Storms is vacating her seat in the Senate to run for the $155,000 per year Hillsborough County property appraiser job after hearing about incumbent property appraiser Rob Turner’s alleged sexual harassment. Turner admitted to sharing pornographic pictures with the human resources director in his office. Storms said she would not have made the decision if that hadn’t happened – or if Turner had resigned. But she was already unhappy with the way Turner handled disputes from homeowners over the assessed value of their homes.

“Her original appraisal was appraised inappropriately not by this property appraiser. So, it would have been low hanging fruit for this property appraiser to say, ‘you know what, you’re absolutely right’. In the early stages, Ms. Cookie won her position and won her appeals. But this property appraiser kept pounding on her instead of giving her the adjustment she was legally entitled to. He appealed every single technicality, every technicality and has ground this little five foot woman – it’s been very frustrating to me.”

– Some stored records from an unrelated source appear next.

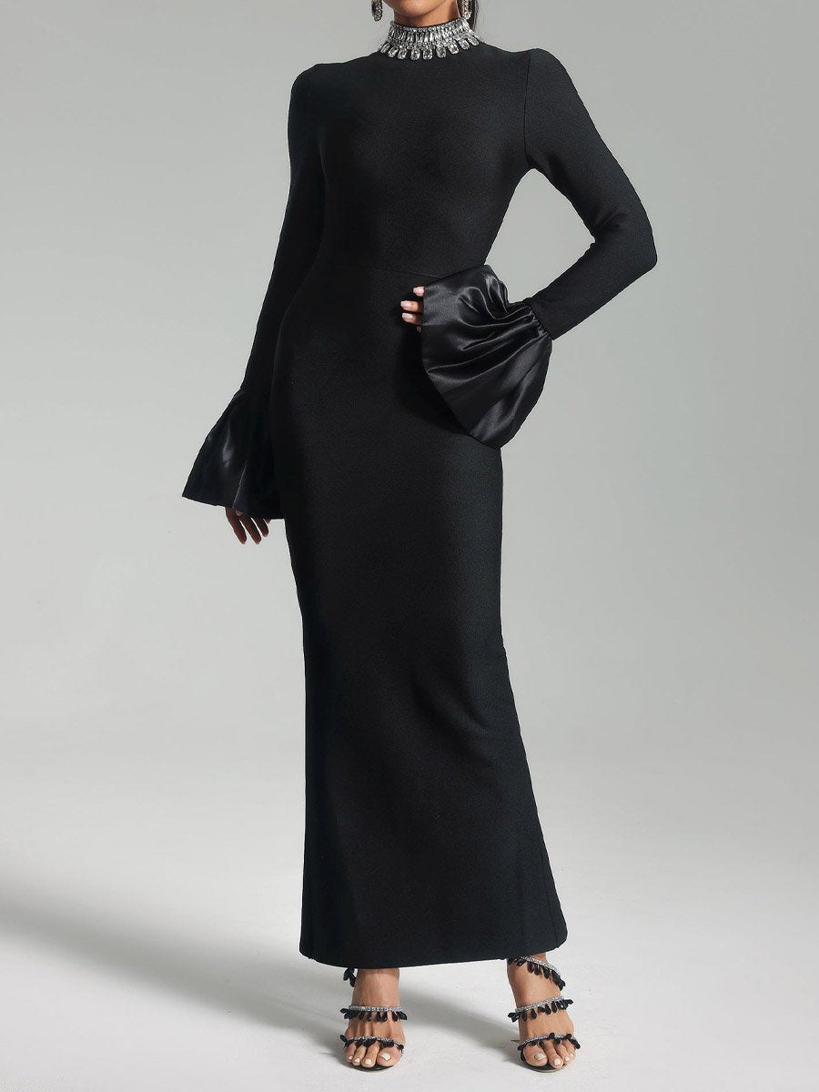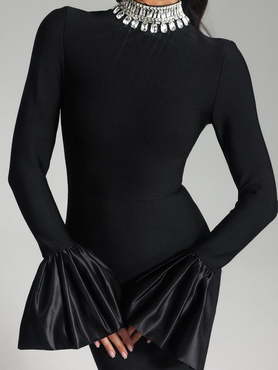Rhinestone Sparkle Flare Sleeve Slim Stretch Bandage Party Dress
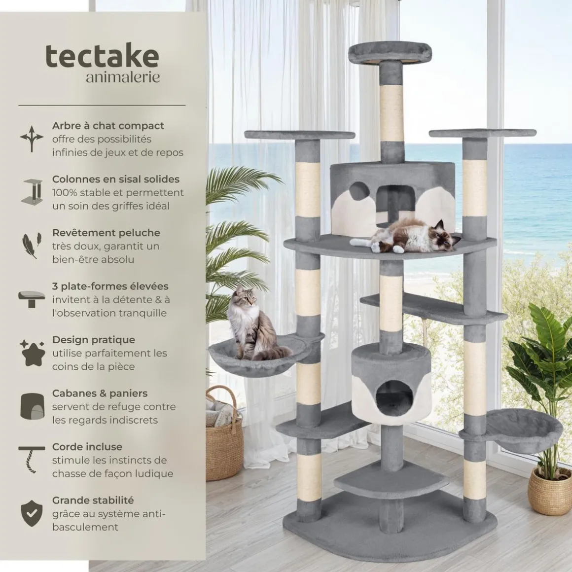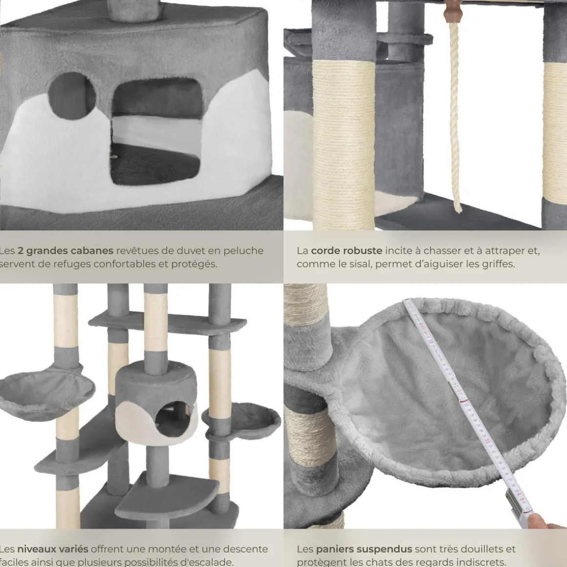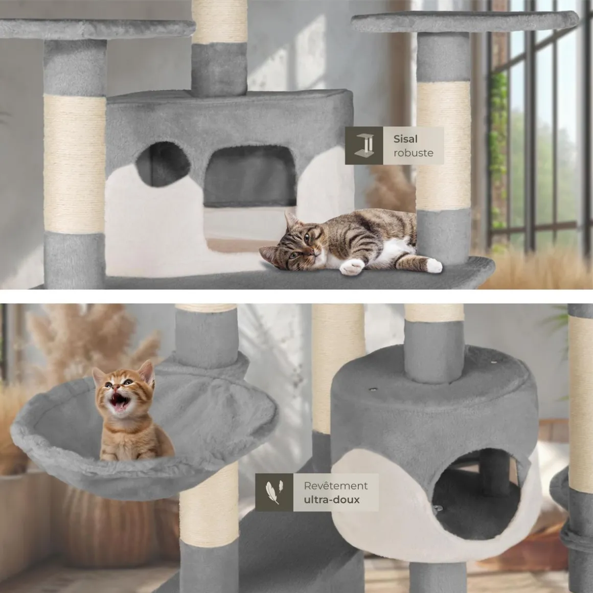 - L’arbre à chat se distingue par ses finitions de qualité et sa construction massive.
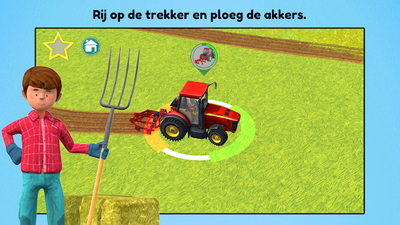 Kleine boeren” is een 3D boerderij simulatie spel. In Kleine boeren kan het kind op echte trekkers rijden, ploegen, zaaien, oogsten en de dieren voeren. Als alle taken zijn uitgevoerd verdien je een sticker. De app is gemakkelijk te spelen, er zijn duidelijke visuele aanwijzingen om aan te geven wat de bedoeling is. Het vergt wel wat van de fijne motoriek om de trekkers te besturen en naar de juiste plek te rijden.
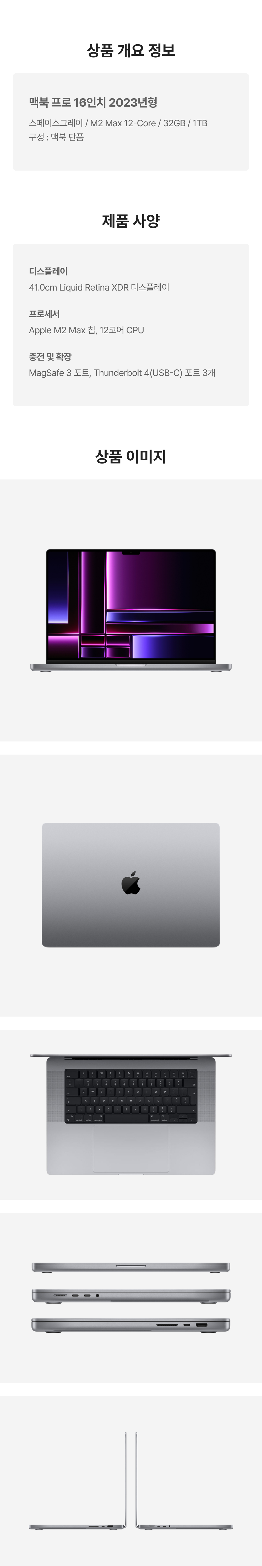[B등급] 리퍼비시 2023 맥북 프로 16 M2 Max 12c 1테라 SSD 32기가 램 스페이스그레이
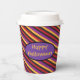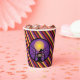 Some fun black , orange , red and purple striped paper cups with the design of a sweet child in a witch costume on the front and the words "Happy Halloween" on the back . They're perfect for a kids Halloween party . Find matching party supply in the collection below .

But the sexual harassment scandal put a bad taste in her mouth that she just couldn’t ignore.

“Meanwhile you’re behaving like this with your human resources director. But here’s this poor little taxpayer where there’s no reason why you would take this hard position with her.”

Turner claims the interaction with his staff member never occurred during work hours. But Storms said that’s a weak defense.

“Whether or not you did it in the off hours. Ask any working woman, does it matter to you if your boss is texting you on his personal phone after hours asking – sending pictures of his body parts and asking for pictures of your breasts? Does it matter to you that it’s happening after hours? Does that give you some sort of shelter? No. There’s not a woman – 99% of the women that are sane working women would say that that’s ok because he did it after hours on his own time.”

Republican State Representative Rachel Burgin has announced she will run for Storms’ seat in the Senate. Rich Glorioso, who is being termed out of his seat in the House, had previously announced a bid for Hillsborough County Supervisor of Elections. But with Storms’ vacant Senate seat in his district, Wednesday Glorioso said he is considering running for that instead. He expects to make that announcement Thursday.